# DATASET SECTION
- - - -

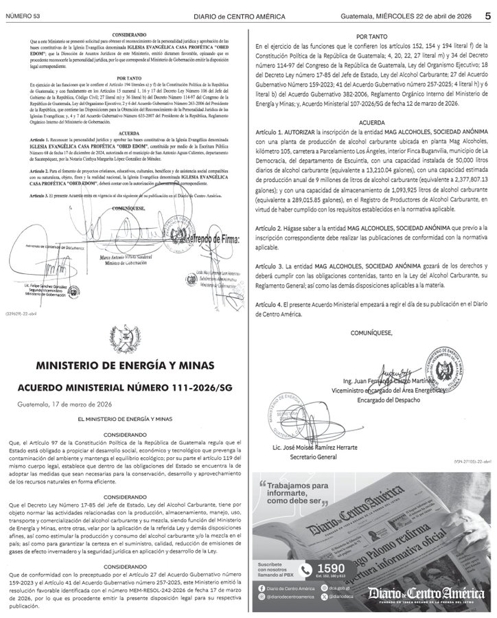Por medio del Acuerdo Ministerial Número 111-2026/SG, el MEM autorizó la inscripción de la entidad MAG Alcoholes, Sociedad Anónima en el Registro de Productores de Alcohol Carburante, publicado en el diario oficial.
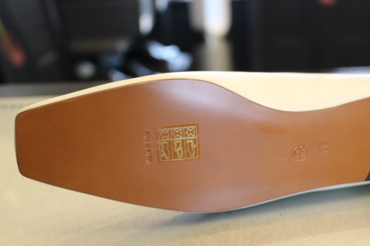 THE ROWのフラットシューズですが、履き初めのソールを取付けます。
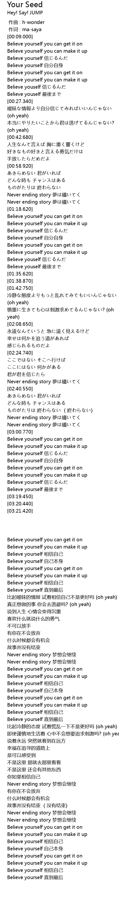 | [03:15.130] | Believe yourself xìn |
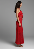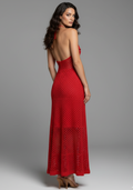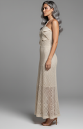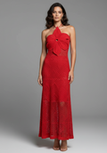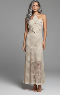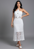 Detail: Halter neck with central floral motif and full open-knit midi skirt

- - - -

# REQUIREMENT
Write out the lines of the material from the one containing "yourself xìn |" through the last, exactly and only those. Leave every picture out.

# EXERCISE OUTPUT
 | [03:15.130] | Believe yourself xìn |
 Detail: Halter neck with central floral motif and full open-knit midi skirt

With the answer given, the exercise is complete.